St. Louis County Police Chief Eloquently Criticizes St. Louis County Police System

St. Louis County Police Chief Jon Belmar in March.

Michael B. Thomas/AFP/Getty

During the chaos that followed Michael Brown’s August 2014 death in Ferguson, Missouri, St. Louis County police officers engaged in a number of controversial tactics—confronting groups of nonviolent protesters with military equipment, failing to wear identifying name tags in violation of commonly accepted police standards, harrassing journalists, and more. (St. Louis County’s law enforcement groups include municipal forces like the Ferguson Police Department as well as the wider county force.) State Gov. Jay Nixon’s Aug. 14 decision to bring in Missouri Highway Patrol officers to help manage protests was credited by some with de-escalating tensions that had been created in part by the aggression of the St. Louis County police, who were led by Chief Jon Belmar.

In the months since, something of a consensus has emerged in Missouri that many black Ferguson-area residents have legitimate grievances against St. Louis County’s judicial and law enforcement systems, in which authorities raise money for their small municipalities (and for their own compensation) by issuing huge numbers of fines for minor or officer-fabricated infractions. On May 8 the Missouri Legislature passed a bipartisan fine reform bill that Nixon is expected to sign. The consensus about the necessity of reform, it now appears, is so wide that it includes none other than St. Louis County Police Chief Jon Belmar! From the Huffington Post:

St. Louis County Police Chief Jon Belmar called the reform effort a “positive that came out of a tragedy.” While noting that roughly half of the dozens upon dozens of police departments in St. Louis County were “legitimate” in his view, Belmar said that there were many that didn’t exist for the right reasons. The county has so many police departments that it’s impossible for him to even know the name of every police chief, Belmar said …

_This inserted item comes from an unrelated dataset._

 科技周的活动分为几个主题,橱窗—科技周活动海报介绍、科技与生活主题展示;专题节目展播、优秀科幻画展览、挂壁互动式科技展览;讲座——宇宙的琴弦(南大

Belmar acknowledged that the protests in Ferguson have given a voice to populations that had been overlooked in the past.

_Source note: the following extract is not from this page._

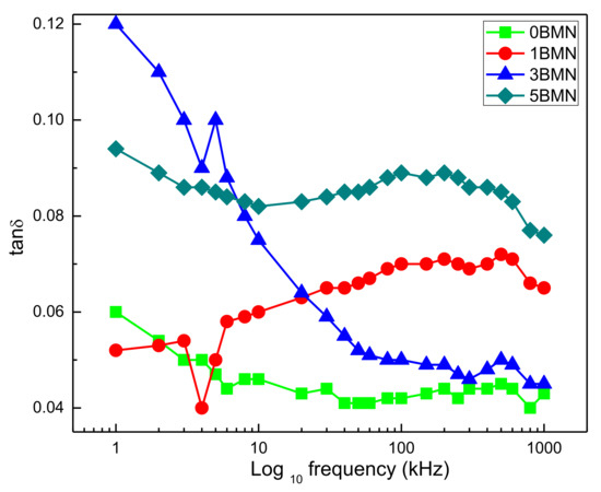The frequency dependence of dielectric loss (tanδ) for sintered 0BMN, 1BMN, 3BMN, and 5BMN samples at room temperature was determined, as shown in Figure 6. For 3BMN, the steep decrease in tanδ in the frequency range of 1 kHz and 100 kHz indicated leakage current [28]. During polarization (below 10 kHz), 3BMN showed the maximum loss. As the frequency started to increase, the dielectric loss slightly decreased for 0BMN. For 1BMN, it started to increase with the increase in frequency, whereas, for 5BMN, it stayed within a certain range. At lower frequencies, the friction due to dipole rotation increased dielectric losses. There was a slight hump in the losses of all samples in the range of 100 kHz to 1000 kHz, showing relaxor behavior [29]. This could be attributed to the change in the polarization mechanism due to the increase in frequency [9,30]. At higher frequencies (i.e., 1000 kHz), 5BMN displayed the highest tanδ, whereas 0BMN displayed the lowest tanδ among all samples.

“If you went to a very affluent area in St. Louis County, how long do you think a program would last where speed cameras were put up on arterial roads coming into subdivisions, and people were given letters saying they were going to be arrested? It would last about five hours,” Belmar said. “You know that and I know that, and that’s part of the problem. Yet in areas that are not as affluent, and where folks really are struggling with issues of poverty and education and crime and everything else that goes along with it – unemployment – they don’t have the ability really to voice that opinion. They can’t leverage change. So that’s a good thing that’s come out of all this.”

Huffington Post reporter Ryan Reilly, who wrote the story quoted above, was actually one of the journalists infamously arrested in Ferguson in August (by a group of officers that reportedly included St. Louis County personnel) for the dubious offense of working at a McDonald’s near the area of protests. The world turns.